■ To do ■
Using the data below, return word for word every line from the one holding "近日,全国高等学校计算机教育" down to the one holding "Shows the unique". Leave pictures out.

** Opening Source material block **

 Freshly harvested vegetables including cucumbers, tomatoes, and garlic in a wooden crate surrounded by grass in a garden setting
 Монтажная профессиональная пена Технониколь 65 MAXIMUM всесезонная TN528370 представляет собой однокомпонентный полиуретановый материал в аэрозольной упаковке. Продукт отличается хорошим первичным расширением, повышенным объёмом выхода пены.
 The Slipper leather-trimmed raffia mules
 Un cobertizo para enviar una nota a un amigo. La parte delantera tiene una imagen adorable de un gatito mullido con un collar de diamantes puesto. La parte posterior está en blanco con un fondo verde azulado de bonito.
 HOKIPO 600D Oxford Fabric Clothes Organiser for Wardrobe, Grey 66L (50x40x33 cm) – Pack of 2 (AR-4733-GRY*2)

** Closing Source material block **
** Opening Source material block **

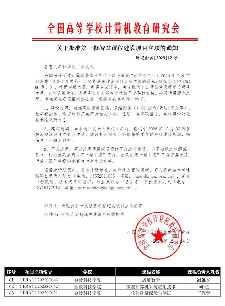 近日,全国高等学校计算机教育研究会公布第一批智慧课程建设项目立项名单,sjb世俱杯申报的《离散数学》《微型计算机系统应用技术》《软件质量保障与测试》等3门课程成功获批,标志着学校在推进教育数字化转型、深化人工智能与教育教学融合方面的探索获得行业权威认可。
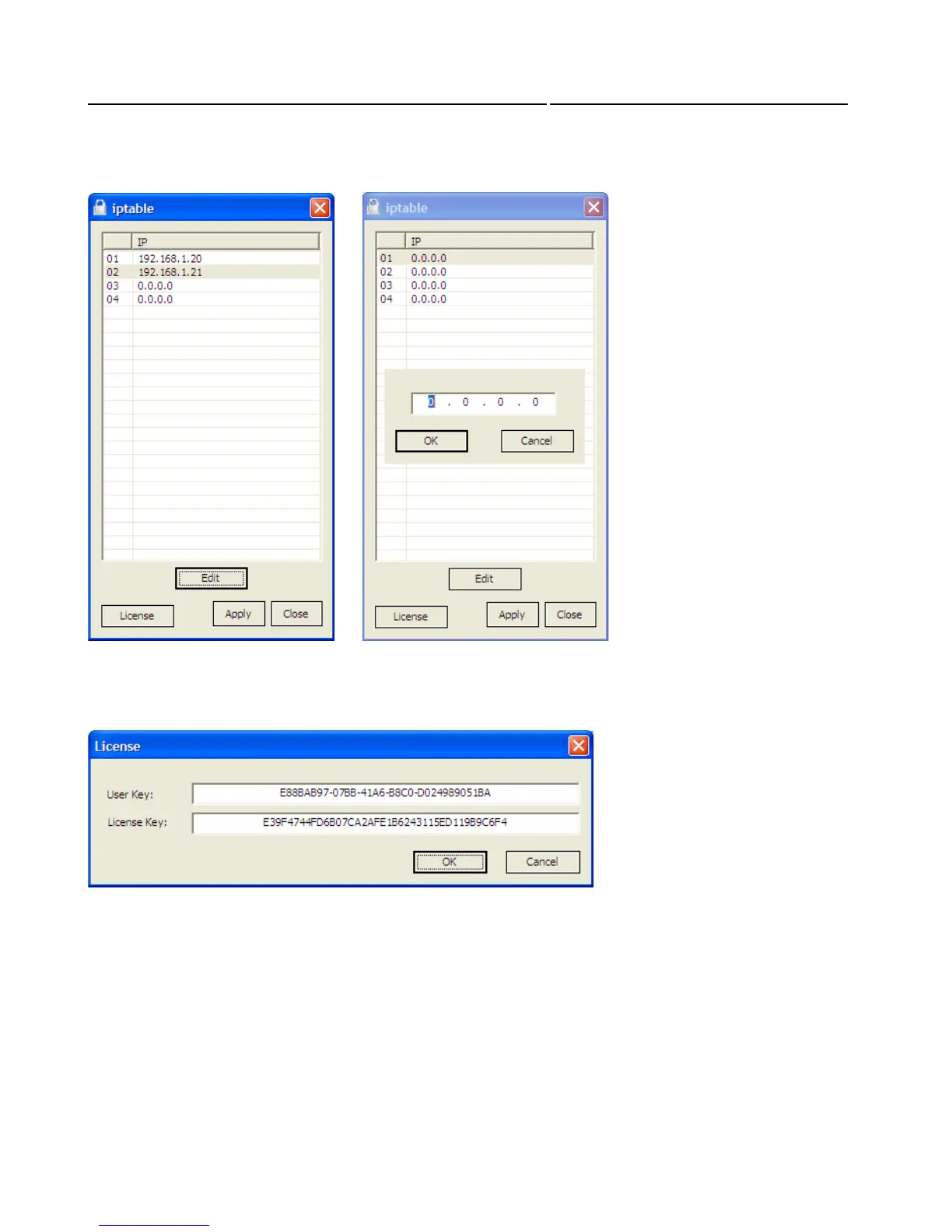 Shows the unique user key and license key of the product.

** Closing Source material block **

■ Finished exercise ■
 近日,全国高等学校计算机教育研究会公布第一批智慧课程建设项目立项名单,sjb世俱杯申报的《离散数学》《微型计算机系统应用技术》《软件质量保障与测试》等3门课程成功获批,标志着学校在推进教育数字化转型、深化人工智能与教育教学融合方面的探索获得行业权威认可。
 Shows the unique user key and license key of the product.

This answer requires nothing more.